While XFL players were encouraged to use nicknames instead of their last names on the backs of their jerseys, DiNardo, who earned a reputation as a strict disciplinarian during his college coaching stops, banned Thunderbolts players from doing so.

After losing the opening game to the Memphis Maniax, the Thunderbolts posted wins over the Chicago Enforcers and the New York/New Jersey Hitmen. These would ultimately become the only victories the Thunderbolts would ever see. The Bolts would finish with a 2–8 record.

Birmingham went through all 3 quarterbacks during the season. Former Florida State quarterback Casey Weldon was signed as the starter.

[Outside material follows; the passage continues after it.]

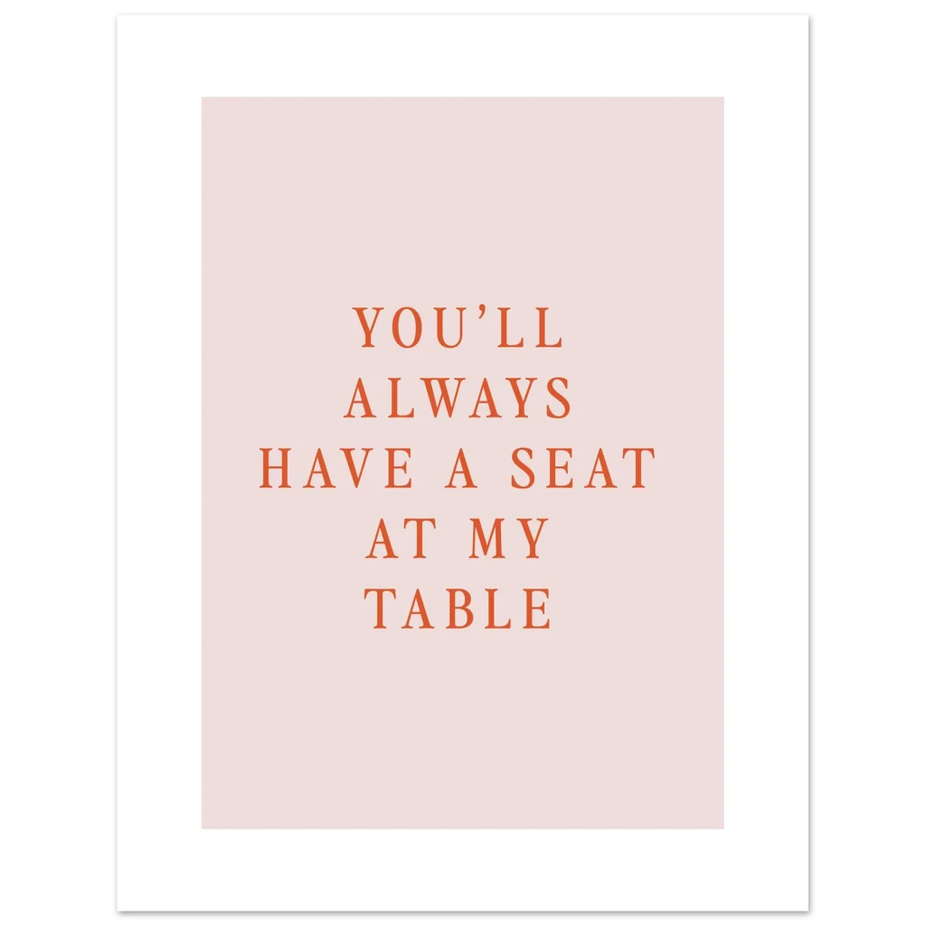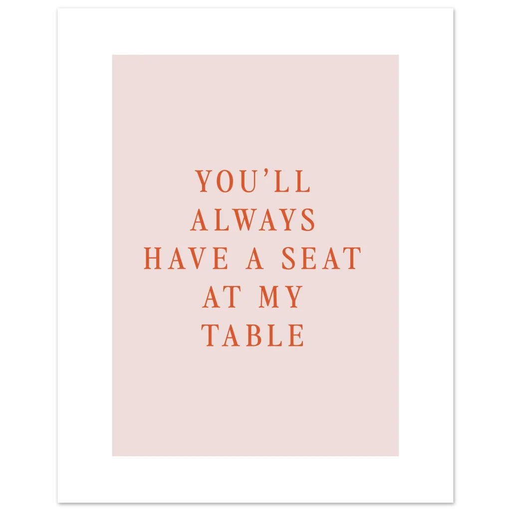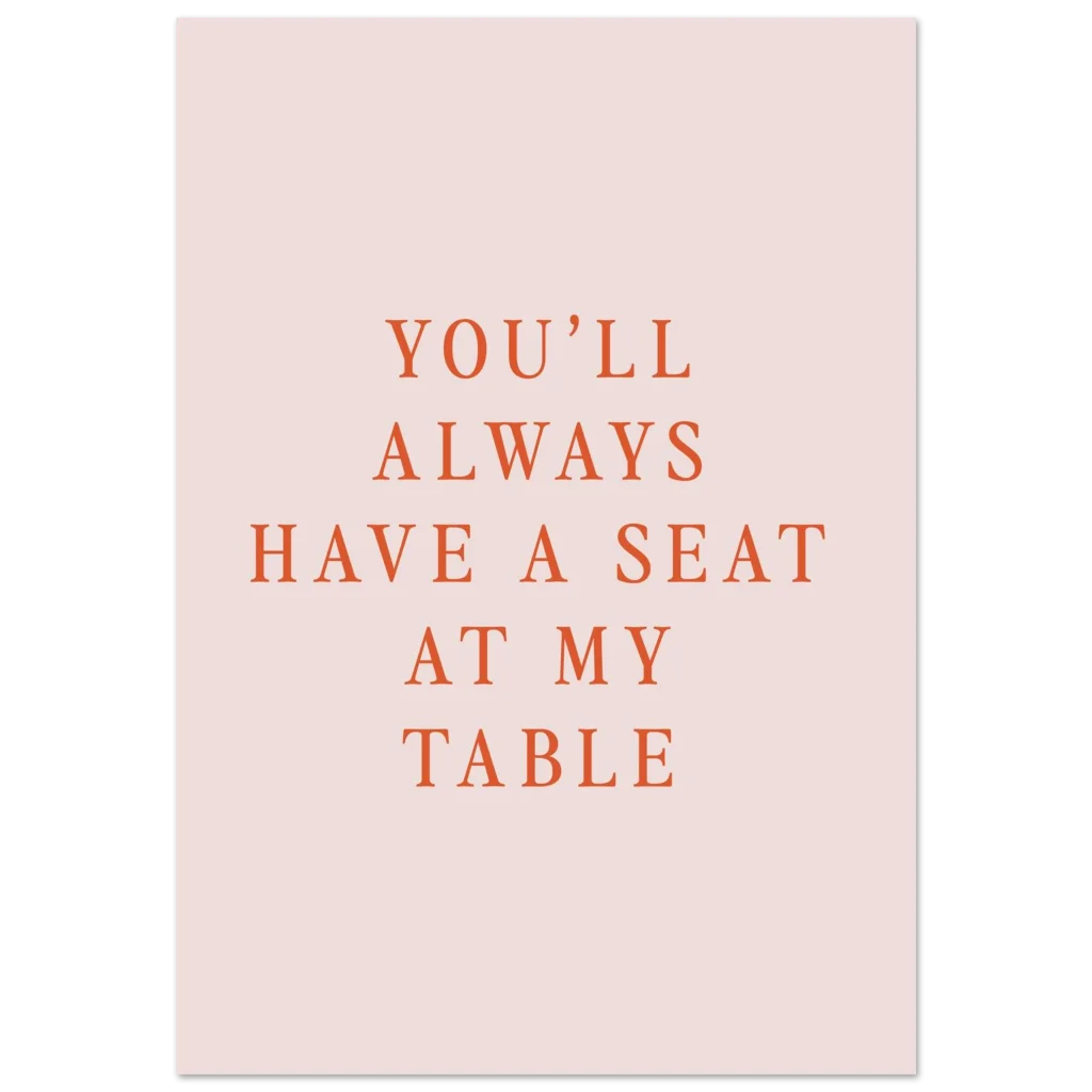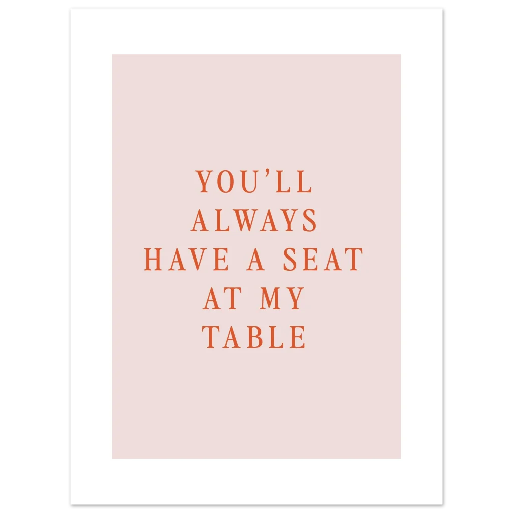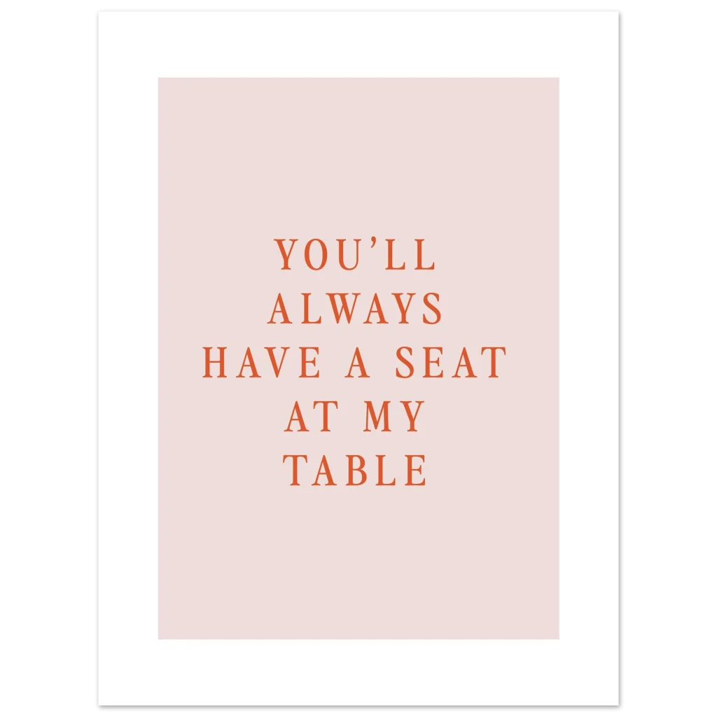 Embrace the spirit of hospitality and heartfelt connection with our ‘You’ll Always Have A Seat At My Table’ poster. This beautiful piece, featuring warm burnt orange typography against a soft, blush pink background, creates an inviting atmosphere in any room. It’s more than just decor; it’s a gentle reminder of belonging, perfect for your dining room, kitchen, or a thoughtful gift for someone special.

Former University of Alabama quarterback Jay Barker was signed as the backup, despite the crowds (averaging only 17,000 fans a game, second-lowest in the league) chanting his name during the home games. Barker (who became much more famous when he married country singing star Sara Evans in 2007) would become the starter after Weldon injured his shoulder. Barker suffered a concussion in Chicago when he collided with Enforcers' cornerback Ray Austin while attempting a bootleg run on a broken play. He was replaced by third string QB Graham Leigh.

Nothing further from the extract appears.